Ставки стали слишком велики!

– Дима, ты совсем не слушаешь меня! – капризно звенит женский голос-колокольчик с британским акцентом, возвращая меня к разговору. – Ты не ответил ни на один на мой вопрос!

И пока я пытаюсь пропустить мимо ушей навязчивый щебет Наташи о том, кого из подруг выбрать в свидетельницы, как и где будет проходить церемония и сколько отправить пригласительных – впервые за этот долгий вечер искренне, по-мальчишески иронично усмехаюсь:

«Интересно, она и правда думает, что однажды начнет получать ответы?»

**************

– Have you decided on a wedding date? *– в переводе – Вы определились с датой свадьбы?

– This is just a formality ** – в переводе – Это всего лишь формальность.

***

Стараюсь не смотреть по сторонам, но все равно боковым, задним, внутренним зрением я вижу только их двоих. Словно нет никого вокруг: нет других людей, нет никаких движений, не слышен ненавязчивый гомон до отказа забитого ресторана, только я и они. Время остановилось, и мой взгляд замер в одной точке: в свете ярких электрических ламп на безымянном пальце блондинки секундной вспышкой сверкнуло помолвочное кольцо… с огромным слепящим бриллиантом, который заставляет невольно улыбнуться даже меня, – равнодушную к ювелирным изделиям.

Не знаю почему, но мне захотелось подойти к ним и дотронуться до него, просто почувствовать своей ладонью его реальность.

От щемящего чувства в груди зябну. Это далеко уже не ревность и не обида. Это нечто, граничащее с горечью. Хочется выдохнуть, но будто ком застрял в горле. Мысль, что ему может нравится эта девушка, сотрясает за доли секунд.

Через полминуты внутренней борьбы сдаюсь и прикрываю глаза рукой. Не помогает.

– Прошу! – послышалось спереди.

Я медленно открываю глаза, и как раз в этот момент бармен церемонно выставляет на стойку бокал, на четверть наполненный темно-бордовой жидкостью, прозрачный заварник, чашку на блюдце с салфеткой, и тарелку с дольками засахаренного лимона в комплекте с десертной вилкой из стали с никель-серебряным покрытием, больше напоминающую бесценный антиквариат.

– Здравствуйте! Вы закажете еще что-нибудь? – спросил неожиданно подошедший ко мне официант – вышколенный до приторности мальчик в белой рубашке с до хруста накрахмаленными манжетами и воротничком.

Он остановился рядом и, заискивающе улыбаясь, протянул мне меню, но, как мне показалось, был совсем не рад тому, что в их заведении появился такой случайный клиент.

– Нет, – вежливо отвечаю я. – Спасибо, но, по-моему, здесь какая-то ошибка. Я и этого не заказывала.

– Я знаю, – сказал официант и указал подбородком чуть в сторону.

Я тут же обернулась в зал, сконцентрировав внимание только на одном человеке. Никак не могу оторвать от него глаз: от его отточенной манерности, сдержанности и такой пронзающей твёрдости характера, которая ярко выражается в каждом его вычерченном движении, даже в том, как сейчас он держит за руку другую женщину.

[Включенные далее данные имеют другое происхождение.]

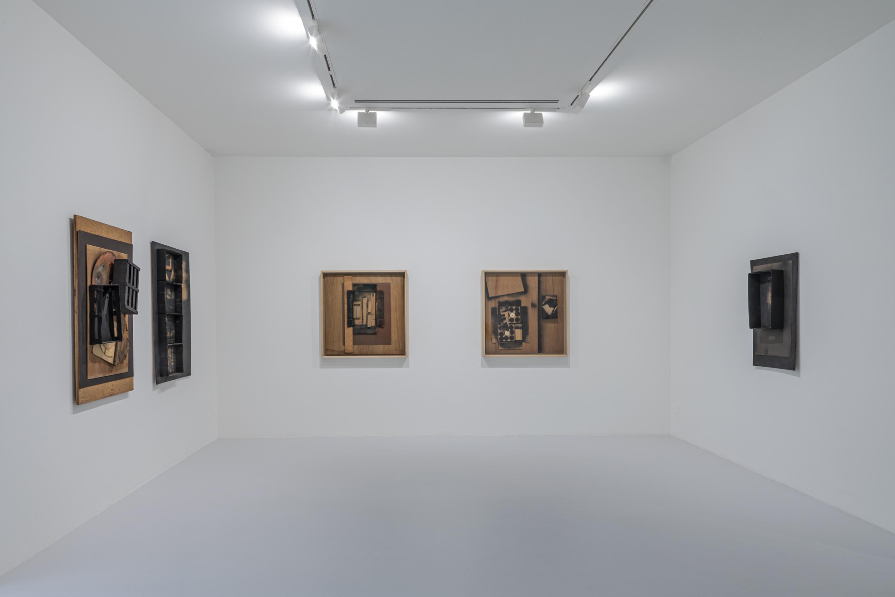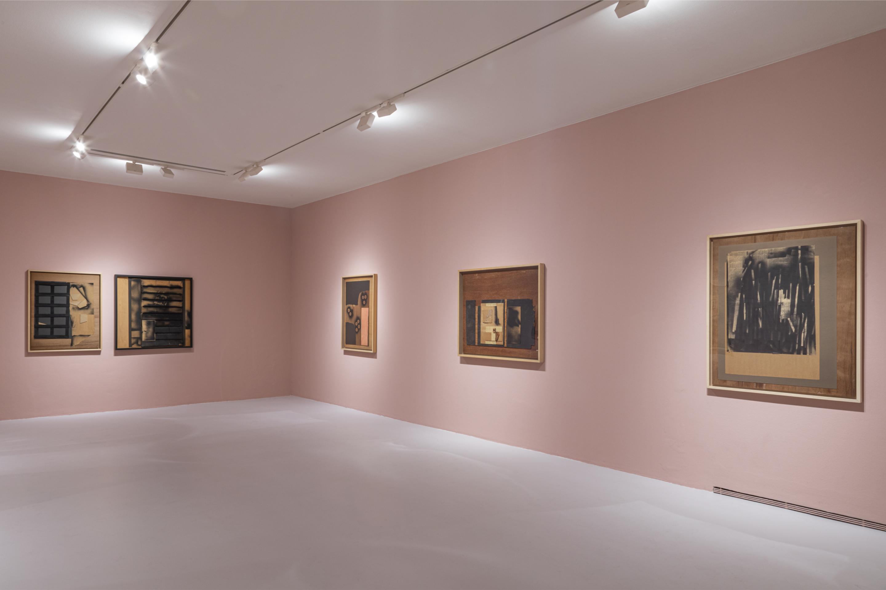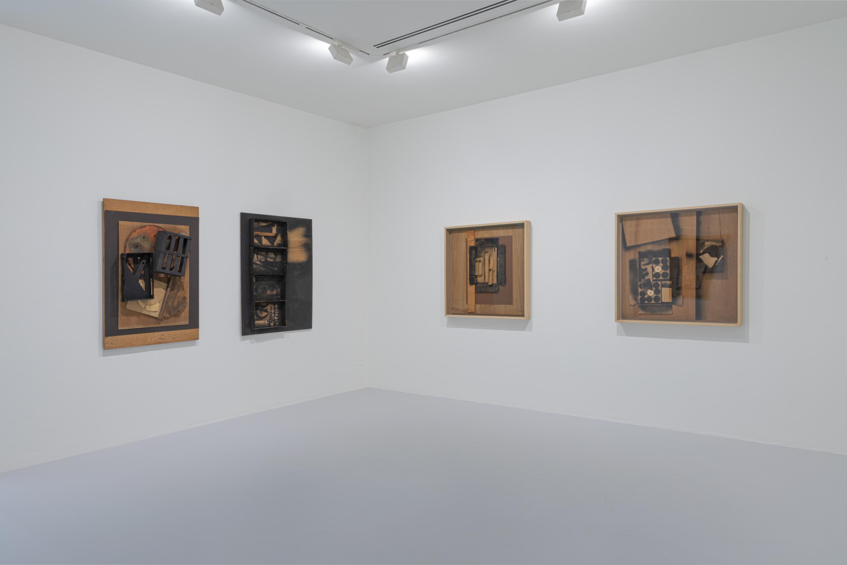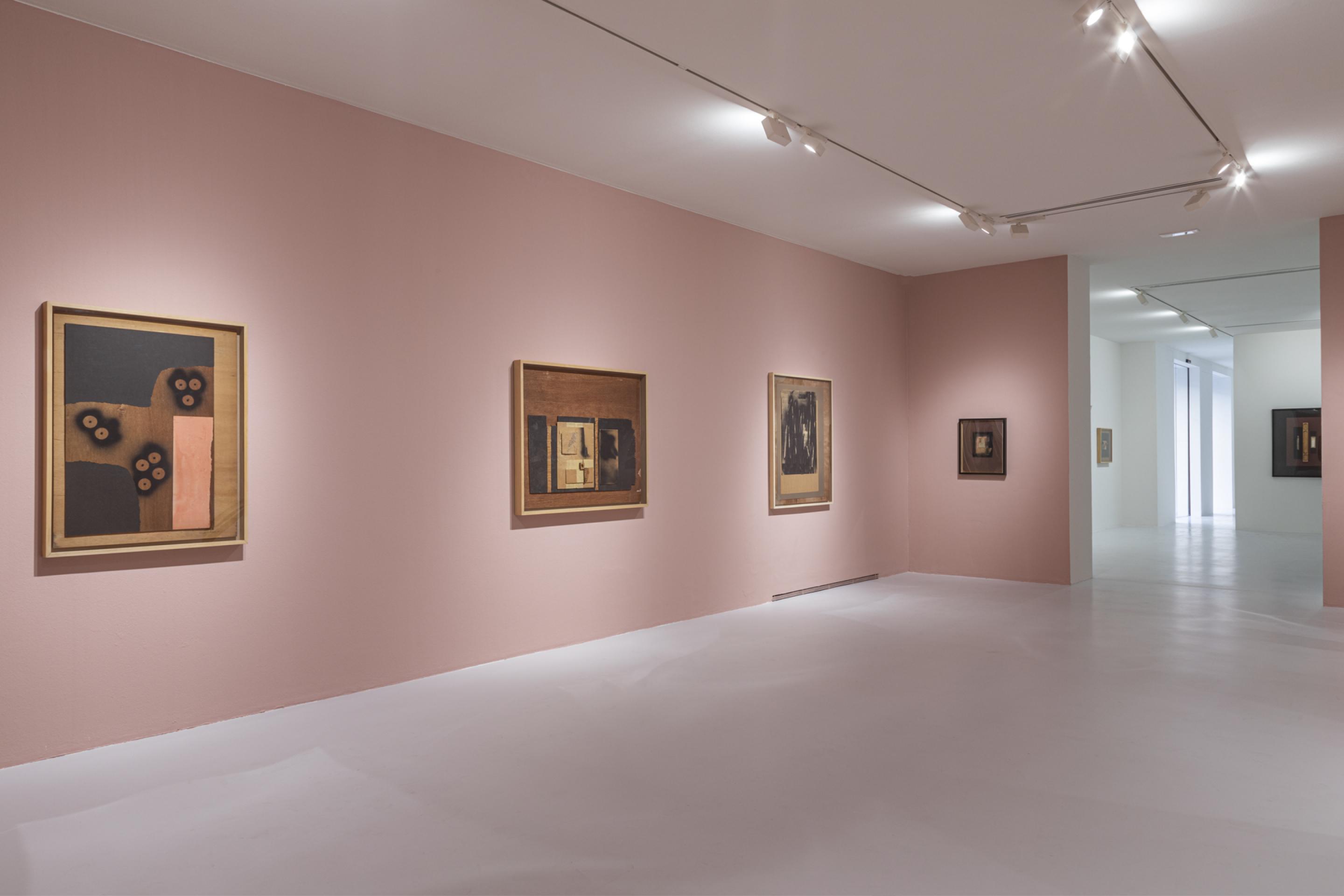 L’esposizione milanese raccoglie un’ampia selezione di collages che l’artista, forte della lezione cubista appresa durante i viaggi in Europa, realizza a partire dagli anni Cinquanta, combinando supporti lignei e cartacei e ottenendo originali esiti prospettici.

– Заказ за вас сделали, – наливая в чашку пахучий дымящийся чай, подтвердил мою догадку бармен.

Хочется встать, подойти к ним и во всеуслышание сказать, все что я думаю о его унизительной благотворительности, но решаю промолчать и подать свою глупую обиду в холодном виде.

– Предлагаю вам выбрать что-нибудь еще. У нас отличная изысканная кухня.

Говоря со мной, бармен проследил направление моего взгляда и заговорщицки подмигнул мне:

– Филе-миньон из вагю*. Очень рекомендую. Попробуйте.

– Надеюсь, это будет самое неприлично-дорогое блюдо вашего ресторана, – фраза сорвалась с губ раньше, нежели чем я сообразила, что произнесла это вслух.

Конечно, я понимала, что не разорю долларового миллиардера куском жареного мяса, пусть недешёвым, но мне захотелось хотя бы попробовать это сделать.

– Всенепременно, – ответил почтительно, с едва лишь уловимым оттенком насмешки официант и, чтобы я не передумала, заблаговременно скрылся из моего поля зрения.

– Хотите поговорить? – всё также расплываясь в широкой улыбке, продолжил бармен. – Я никогда не переступаю граней человеческих сердец. Не лезу в душу и не копаюсь в ней, если мне это не позволено.

– А почему бы и нет?! – пожимаю плечами и смотрю на потухший дисплей своего телефона: в сумятице чувств я даже не замечала, что все это время у меня молчит мобильник. – Как оказывается, больше не с кем…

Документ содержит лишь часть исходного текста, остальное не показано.